All Among the Barley is a very fine novel, thought –provoking and memorable. Edie Mather, seemingly insignificant in her own community, is a compelling and tragic sister to Sylvia Plath’s Esther Greenwood or Carson McCullers’s Mick Kelly or Frankie Addams. Like those young women, you wish them well while fearing the worst.

Thursday 16 April 2020

Nietzsche and the Burbs by Lars Iyer

 Nietzsche and the Burbs: Lars Iyer & Jon Day | Events | London ...


Nietzsche and the Burbs is a fascinatingly odd novel, one in which nothing really happens, over and over again, like time waiting for a nudge in the midriff. This is Nietzschean eternal return taken to its hellish, suburban conclusion, the world waiting for its ubermensch while all the time knowing deep down that no overcoming is forthcoming. It’s also extremely funny.

The narrator, Chandra, is a Pakistani teenager, part of an apocalypse-obsessed group of sixth-formers plodding their way towards their final exams and the end of childhood and the beginning of – what? They dream of death and discord, play doom-laden music which is seemingly devoid of melody or substance or cohesion or anything vaguely musical, they take drugs and debate the philosophy of nothingness. It is their fuck-you to the death-inducing stupor caused by living in the suburbs of Wokingham.
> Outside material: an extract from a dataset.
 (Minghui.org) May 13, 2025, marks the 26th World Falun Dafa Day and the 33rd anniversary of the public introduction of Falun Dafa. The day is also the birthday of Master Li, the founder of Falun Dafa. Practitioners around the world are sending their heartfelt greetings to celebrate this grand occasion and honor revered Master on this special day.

Into their life comes a new student, studiously strange, strangely charismatic. He argues with the teachers and is given to gnomic utterances about nihilism. Immediately, the others identify him as a leader and invite him into their group. He is nicknamed Nietzsche because of his resemblance to the philosopher of Sils Maria (except for the moustache, obviously). Here, the author, Lars Lyer, clearly a playful sort, has all sorts of fun threading the real Nietzsche’s history into that of his schoolboy Nietzsche – the overbearing mother, the bullying sister, dead father, love for a girl named Lou, the portents of mental disintegration. Nietzsche joins the band as lead singer, chant-speaking his way through typically adolescent death lyrics like Ian Curtis but without the talent.
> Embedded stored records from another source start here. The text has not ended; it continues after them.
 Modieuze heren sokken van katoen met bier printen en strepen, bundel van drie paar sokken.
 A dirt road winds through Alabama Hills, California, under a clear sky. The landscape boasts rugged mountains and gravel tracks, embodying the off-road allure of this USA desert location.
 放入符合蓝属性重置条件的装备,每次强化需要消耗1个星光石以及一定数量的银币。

The group’s story is at once banal and hilarious. They study, do PE, make smart-arsed comments to their teachers, deprecate the cheap lives of the grunts around them, get fabulously drunk and pair off in a variety of ways over and over, each chapter divided into the days of their final ten weeks of school. There isn’t a lot of plot and there doesn’t need to be. Lyers’s ear for dialogue is acute, and the unintentionally bathetic nature of the group’s philosophical pontification is extremely funny. There are certainly flaws in the novel – in particular the constant repetitions of the starts of sentences or people’s names or activities becomes wearing. The musical descriptions, although initially funny – Chandra’s unwitting self-delusion about the band’s musical ability most strongly reminds me of the achingly funny musical essays Patrick Bateman slides into his narration in Bret Easton Ellis’s American Psycho – in the end appear to often and at too great length.

But make no mistake, this is gloriously funny. If you’ve read Percival Everett (particularly Erasure) and enjoyed his whimsical use of philosophy as narrative engine, then Nietzsche and the Burbs is for you.